* _Required work_: All pictures are to be omitted while the lines starting at the line with "天津科技大学教务处发文规定,若本科生毕业" and ending at the line with "広島ショップ 最終閉店セール" in the material below are retyped exactly, both ends included.

* _Data records_:
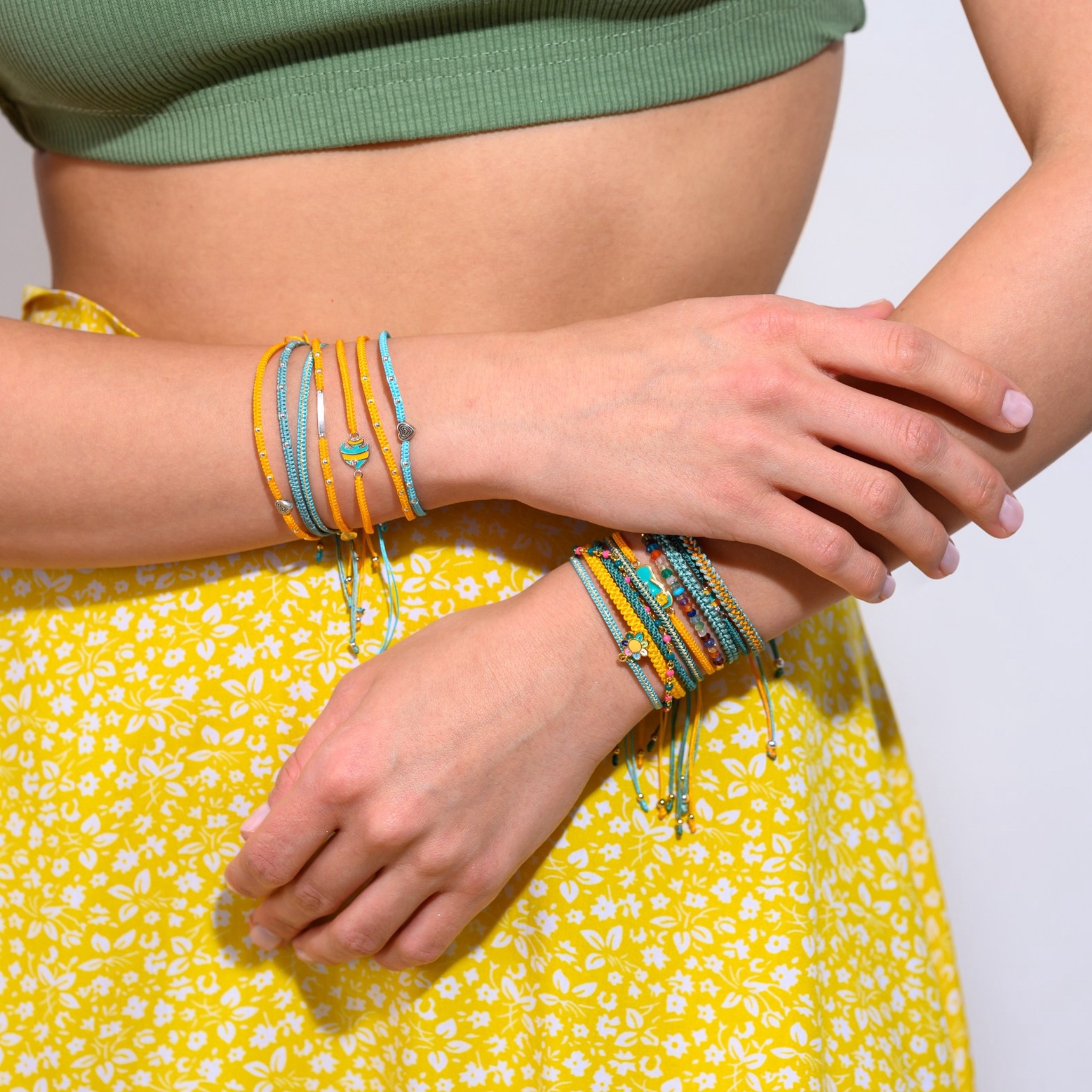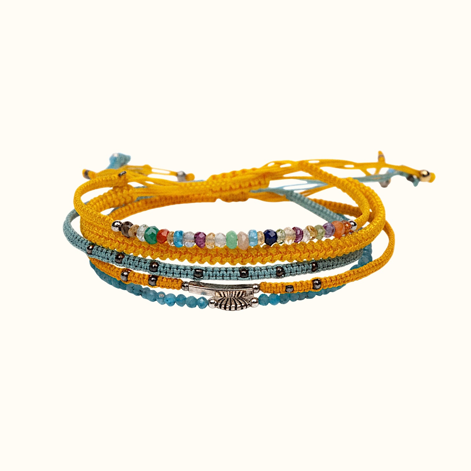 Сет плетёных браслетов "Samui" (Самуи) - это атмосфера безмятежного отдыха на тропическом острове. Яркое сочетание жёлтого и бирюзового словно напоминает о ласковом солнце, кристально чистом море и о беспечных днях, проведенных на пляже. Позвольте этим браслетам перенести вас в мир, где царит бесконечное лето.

...

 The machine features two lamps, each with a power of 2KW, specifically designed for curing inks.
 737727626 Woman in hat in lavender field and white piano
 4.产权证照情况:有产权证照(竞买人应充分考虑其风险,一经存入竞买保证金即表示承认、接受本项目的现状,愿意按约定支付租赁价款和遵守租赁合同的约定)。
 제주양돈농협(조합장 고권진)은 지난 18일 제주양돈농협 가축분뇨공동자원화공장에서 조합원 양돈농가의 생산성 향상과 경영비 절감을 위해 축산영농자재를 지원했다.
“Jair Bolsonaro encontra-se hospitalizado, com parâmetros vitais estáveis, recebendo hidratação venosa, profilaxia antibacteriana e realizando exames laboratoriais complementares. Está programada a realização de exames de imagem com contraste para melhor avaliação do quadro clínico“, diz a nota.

---

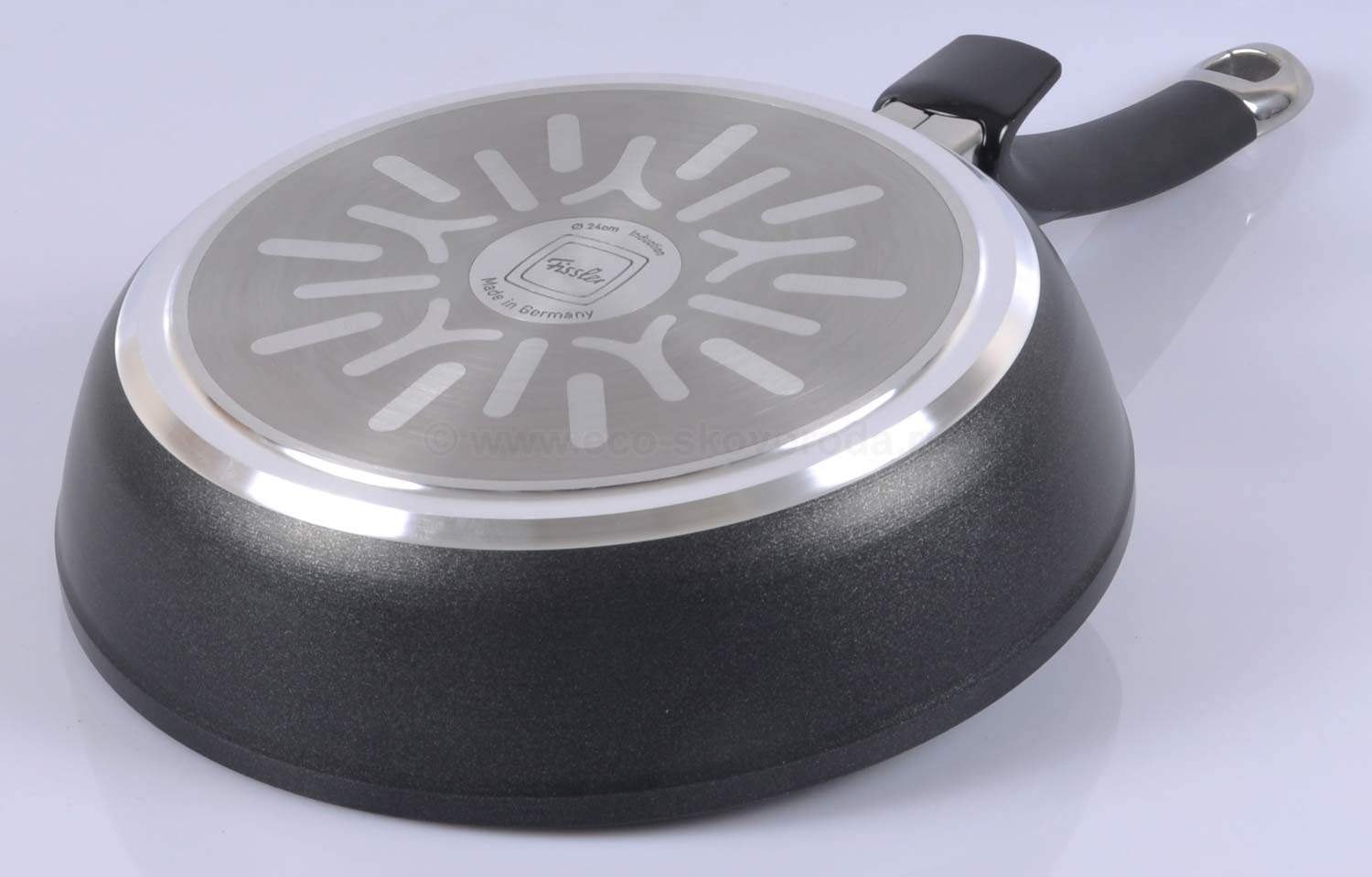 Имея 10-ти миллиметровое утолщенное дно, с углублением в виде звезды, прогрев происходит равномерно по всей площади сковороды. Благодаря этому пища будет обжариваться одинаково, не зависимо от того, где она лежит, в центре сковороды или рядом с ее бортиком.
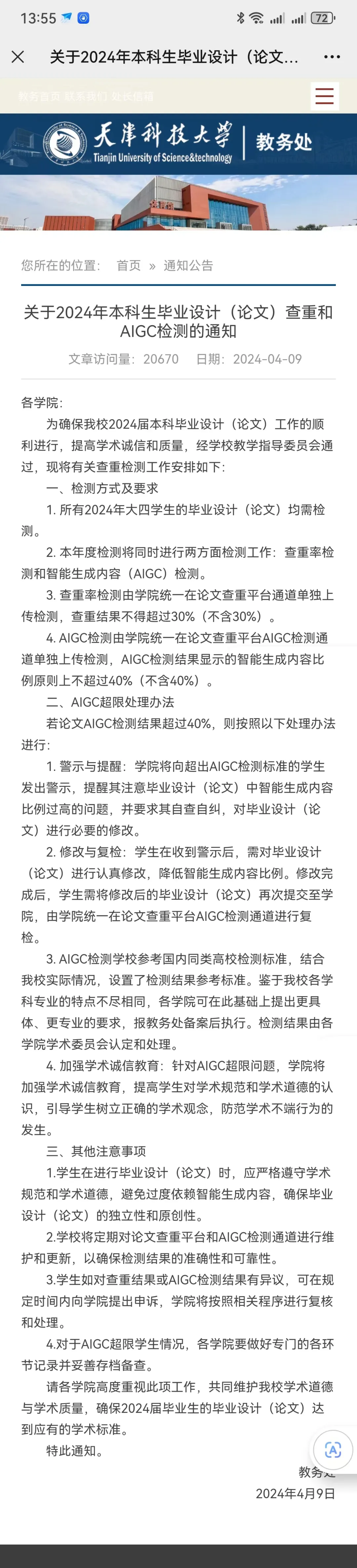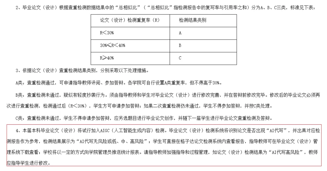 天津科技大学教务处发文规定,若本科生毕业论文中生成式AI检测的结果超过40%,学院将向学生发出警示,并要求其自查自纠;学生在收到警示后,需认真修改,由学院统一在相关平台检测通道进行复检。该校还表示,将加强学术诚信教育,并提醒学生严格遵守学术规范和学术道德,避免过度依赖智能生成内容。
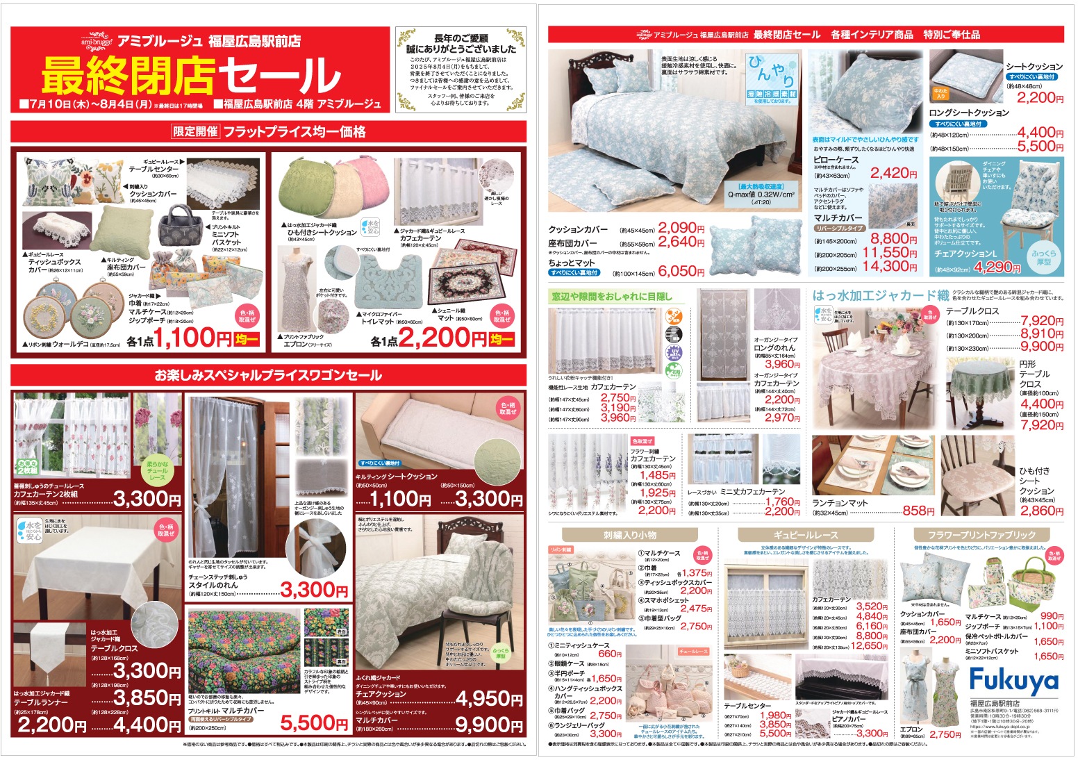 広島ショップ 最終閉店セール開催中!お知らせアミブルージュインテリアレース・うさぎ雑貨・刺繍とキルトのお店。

* _Output of the exercise_:
 天津科技大学教务处发文规定,若本科生毕业论文中生成式AI检测的结果超过40%,学院将向学生发出警示,并要求其自查自纠;学生在收到警示后,需认真修改,由学院统一在相关平台检测通道进行复检。该校还表示,将加强学术诚信教育,并提醒学生严格遵守学术规范和学术道德,避免过度依赖智能生成内容。
 広島ショップ 最終閉店セール開催中!お知らせアミブルージュインテリアレース・うさぎ雑貨・刺繍とキルトのお店。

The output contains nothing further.